**Exercise requirements**
Copy exactly the lines of the records below, and only those lines, beginning with the line that contains "Organic balloon arch" and ending with the line that contains "Cute Lilac Ball".

**Record extracts**
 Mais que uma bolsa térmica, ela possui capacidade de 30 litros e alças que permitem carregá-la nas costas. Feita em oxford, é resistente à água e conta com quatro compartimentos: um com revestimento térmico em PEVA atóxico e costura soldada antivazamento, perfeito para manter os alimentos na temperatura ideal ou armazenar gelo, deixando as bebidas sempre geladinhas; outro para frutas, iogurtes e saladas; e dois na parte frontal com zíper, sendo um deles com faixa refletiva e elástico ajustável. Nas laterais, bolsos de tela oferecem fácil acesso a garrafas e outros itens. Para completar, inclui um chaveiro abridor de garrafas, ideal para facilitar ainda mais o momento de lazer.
==
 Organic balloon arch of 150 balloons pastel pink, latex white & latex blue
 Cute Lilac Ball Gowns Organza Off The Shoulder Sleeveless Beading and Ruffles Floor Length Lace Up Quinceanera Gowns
--
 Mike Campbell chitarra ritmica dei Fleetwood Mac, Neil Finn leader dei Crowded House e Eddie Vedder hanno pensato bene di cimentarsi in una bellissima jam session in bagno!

**Response**
 Organic balloon arch of 150 balloons pastel pink, latex white & latex blue
 Cute Lilac Ball Gowns Organza Off The Shoulder Sleeveless Beading and Ruffles Floor Length Lace Up Quinceanera Gowns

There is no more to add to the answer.